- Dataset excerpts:
————

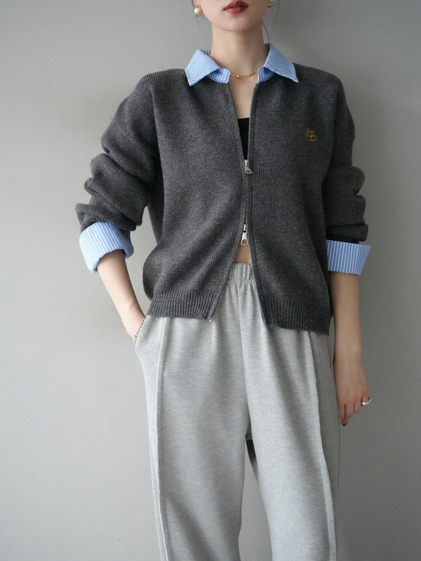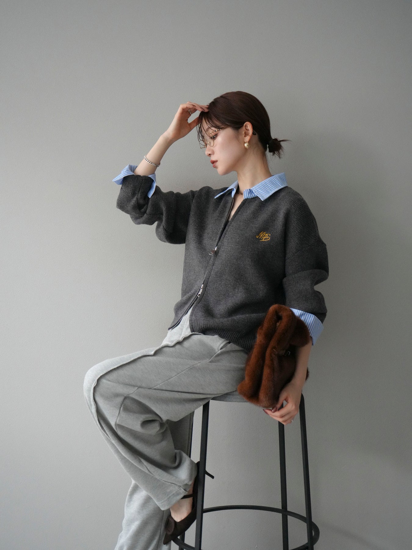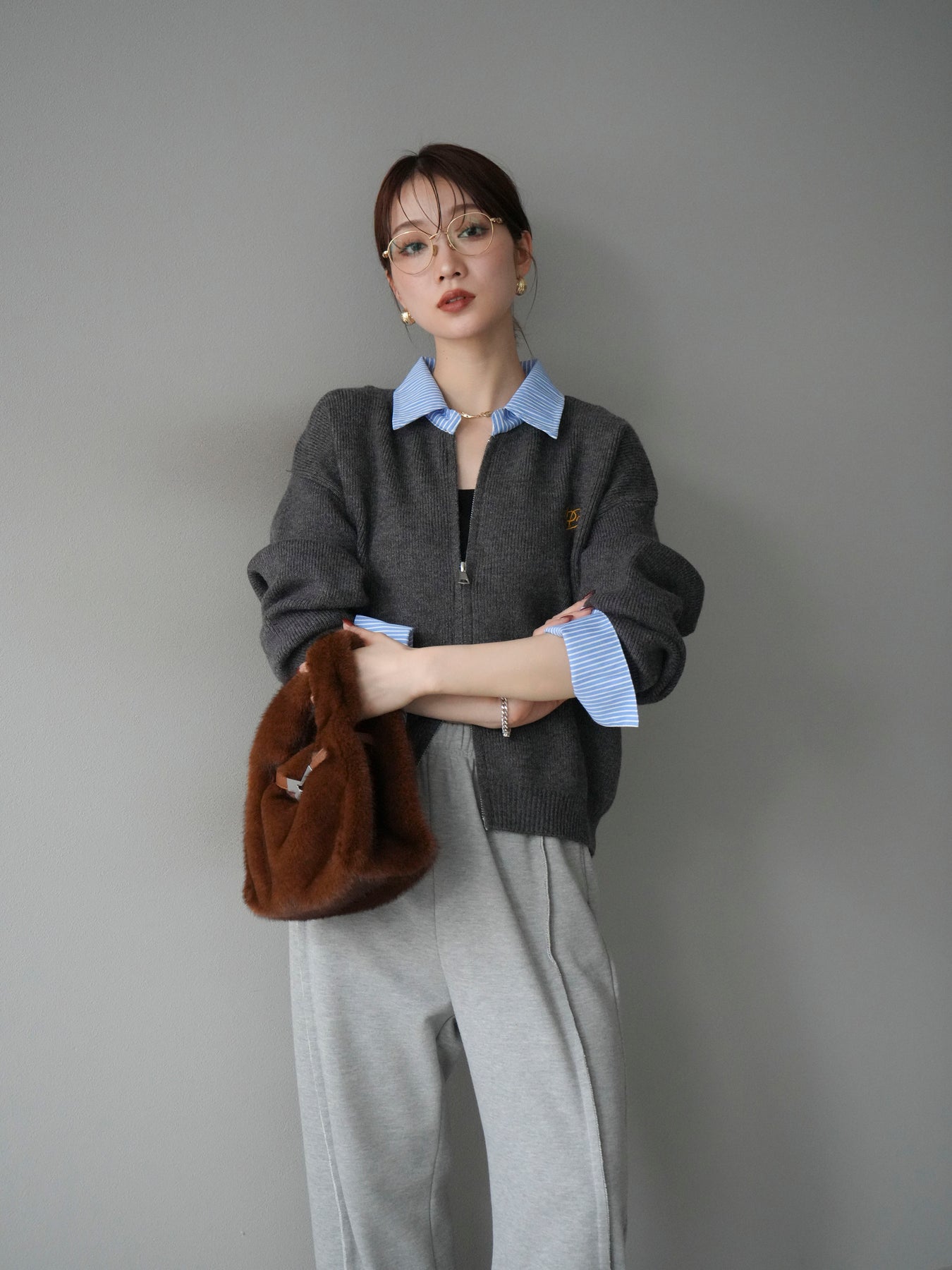 [予約]ストライプシャツレイヤードZIPニットカーディガン/darkgray
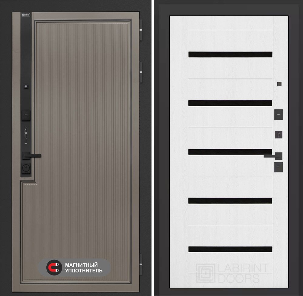 Входная дверь Лабиринт Карбон (CARBON) - Зеркало Панорама Белый софт сочетает в себе надежность и стиль. Установленная в квартиру, она имеет прочный металлический каркас толщиной 1,5 мм и утепленные ребра жесткости. Три контура уплотнения и базальтовое утепление обеспечивают отличную тепло- и звукоизоляцию. Дверь оборудована высококачественными замками KALE, а её стильная отделка с зеркалом добавит элегантности вашему интерьеру. Доставка по Москве и всем регионам РФ. Гарантия 3 года на замки, 1 год на дверь и установку.
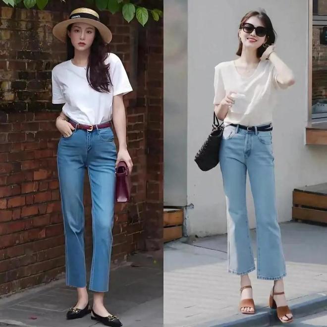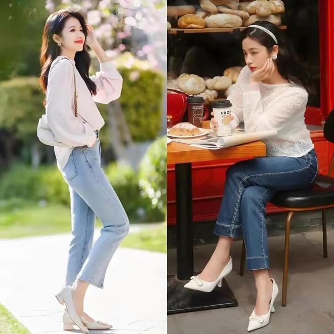 下面这两位博主小众设计的衬衫上衣搭配九分牛仔裤,脚上穿着一双白色的低跟单鞋,搭配大波浪的卷发造型,展现出来女神气质范。
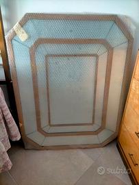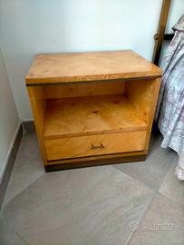 Vendo camera da letto matrimoniale anni 70(letto, comodini, specchio e cassettiera) artigianale, in radica di pioppo e ottone, costruita a mano, spessore 3 cm.
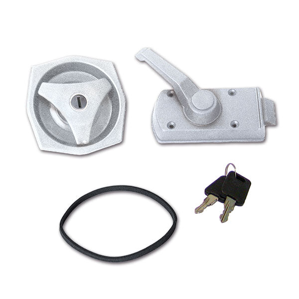 Serratura per porta cellula serie Europa, completa di chiave e cilindretto tradizionale con maniglia.
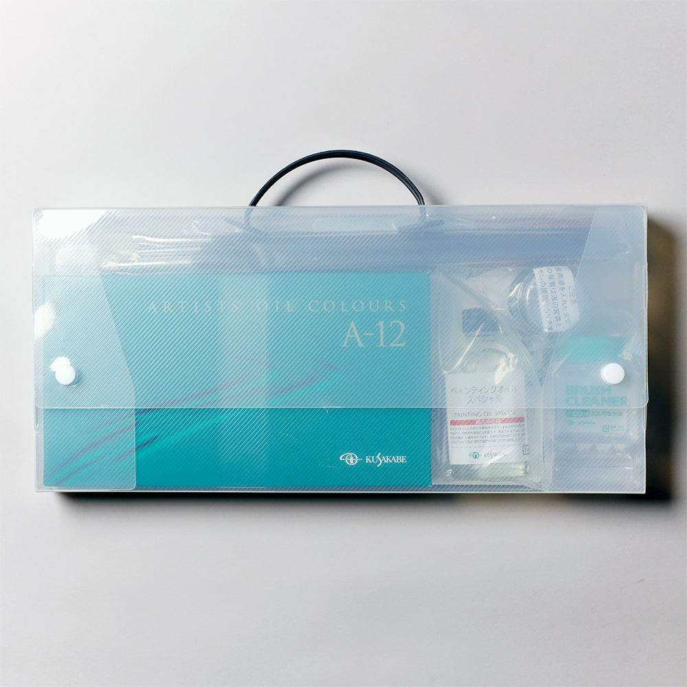 ストライプクリアボックス(PP製)、ペーパーパレット(ハーフ)、A-12(専門家用油絵具6号12色)、ペインティングオイルスペシャル55ml、ペインティングナイフNo.2、パレットナイフ、油つぼ(鉄)、ブラッシクリーナー100ml、豚毛筆AR6号・10号、豚毛筆A4号・8号・12号・14号
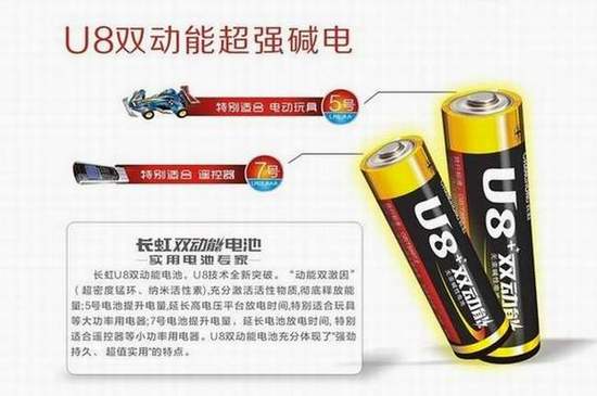 作為中國首批通過環境標志認證的長虹新能源公司,也是中國電池行業首批獲“AAA級企業信用等級”認證的企業,公司以科技為動力,不斷按消費者需求推出新品,繼“小辣椒”、“U8”電池后,又推出的“U8雙動能”升級版堿性電池,在能量、安全性和儲存時間上都大大提升了一個臺階,成為中國領跑堿性電池業的先行者。
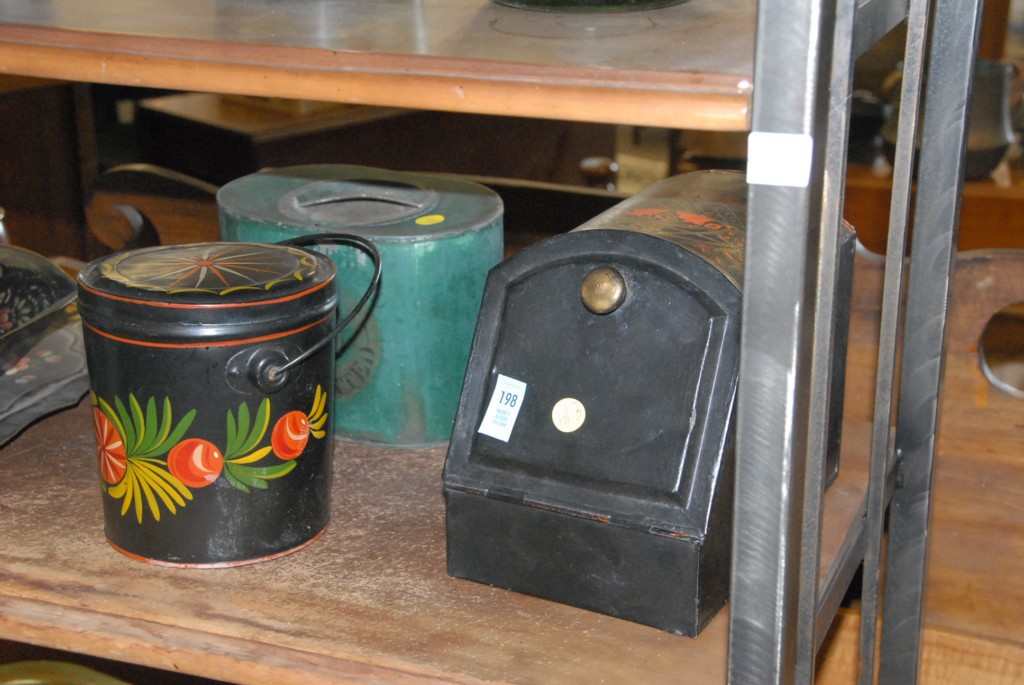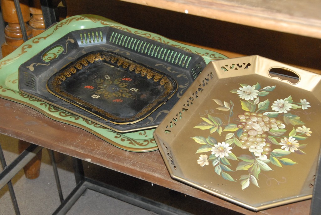 Fourteen piece lot of Toleware trays and containers plus primitive wooden items.
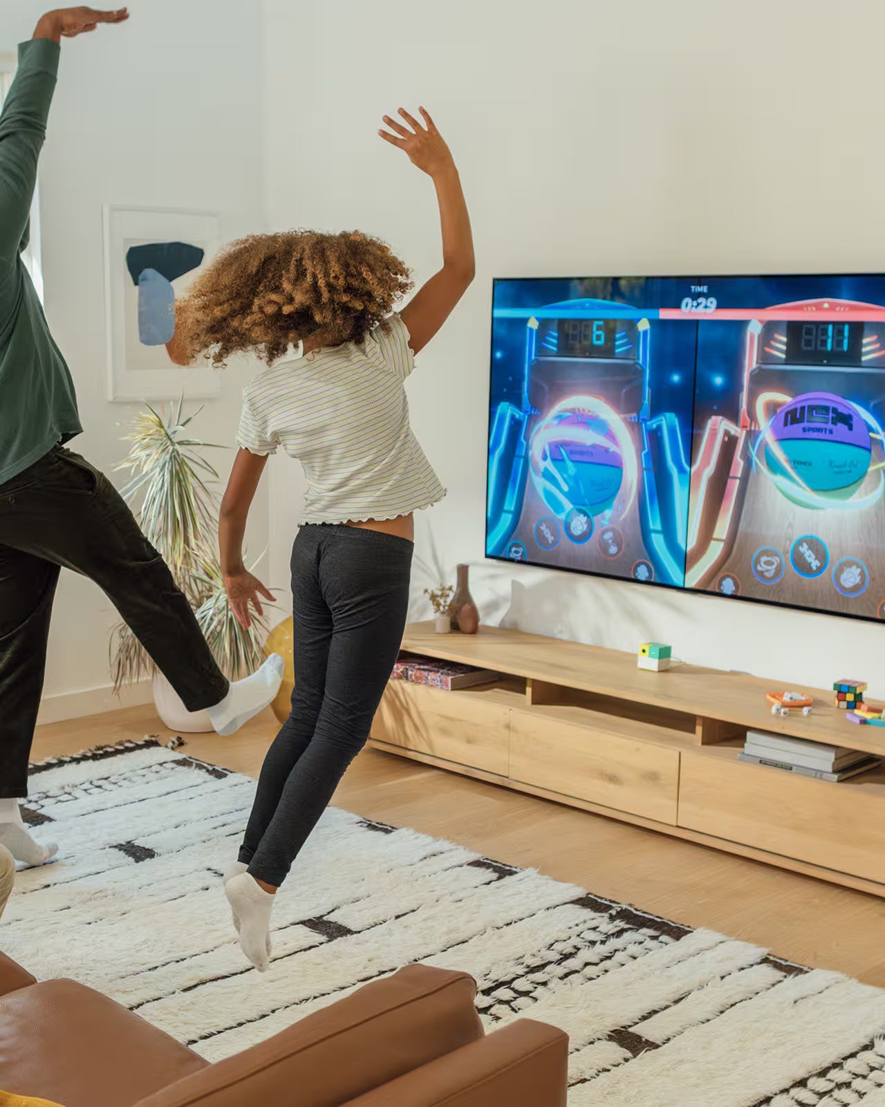 Dank der intelligenten Kamera wird jede Bewegung – ein Sprung, eine Geste, ein Lauf – sofort erkannt und in eine Aktion auf dem Bildschirm umgesetzt.
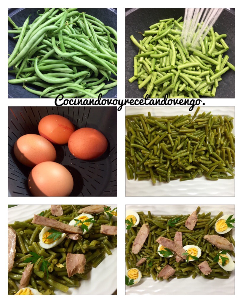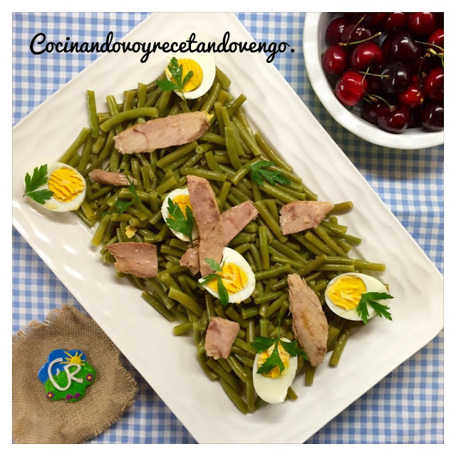 Hola a tod@s!! Hoy vamos a disfrutar de una receta muy tradicional, saludable, rápida, económica, sencilla y muy beneficiosa para nuestra salud. A mi me encanta y llegando la temporada de las judías verdes la preparo con frecuencia, las podemos consumir todo el año, pero su mejor momento es en primavera-verano, donde las encontramos bien frescas y tiernas. Las judías verdes poseen un alto contenido de agua aproximadamente un 90% por lo que se recomienda en dietas de adelgazamiento, también contienen vitaminas y minerales, aportándonos beneficios como subir las defensas y la creación de anticuerpos, son diuréticas y depurativas, muy recomendable para las anemias, hipertensión y para el buen transito intestinal. Esta forma de cocinar las judías verdes, es muy popular en el sur, siempre la he visto en mi casa, en la mayoría de las ocasiones acompañadas de patatas cocidas o al vapor, pero a mi es que me gustan tanto que suelo prescindir de las patatas y hacer la ensalada de judías verdes acompañadas simplemente con huevo cocido y atún. El aliño es opcional y podéis poner el que más os guste, yo os voy a recomendar el que más me gusta a mi ;) seguro que también os encanta!! :D En muchas ocasiones, para mí, la cena perfecta ;)

————

- WHAT IS NEEDED:
Reproduce only the lines of the records from the start up to and including the line that holds "Vendo camera da"; do not carry over any picture.

- ANSWER:
 [予約]ストライプシャツレイヤードZIPニットカーディガン/darkgray
 Входная дверь Лабиринт Карбон (CARBON) - Зеркало Панорама Белый софт сочетает в себе надежность и стиль. Установленная в квартиру, она имеет прочный металлический каркас толщиной 1,5 мм и утепленные ребра жесткости. Три контура уплотнения и базальтовое утепление обеспечивают отличную тепло- и звукоизоляцию. Дверь оборудована высококачественными замками KALE, а её стильная отделка с зеркалом добавит элегантности вашему интерьеру. Доставка по Москве и всем регионам РФ. Гарантия 3 года на замки, 1 год на дверь и установку.
 下面这两位博主小众设计的衬衫上衣搭配九分牛仔裤,脚上穿着一双白色的低跟单鞋,搭配大波浪的卷发造型,展现出来女神气质范。
 Vendo camera da letto matrimoniale anni 70(letto, comodini, specchio e cassettiera) artigianale, in radica di pioppo e ottone, costruita a mano, spessore 3 cm.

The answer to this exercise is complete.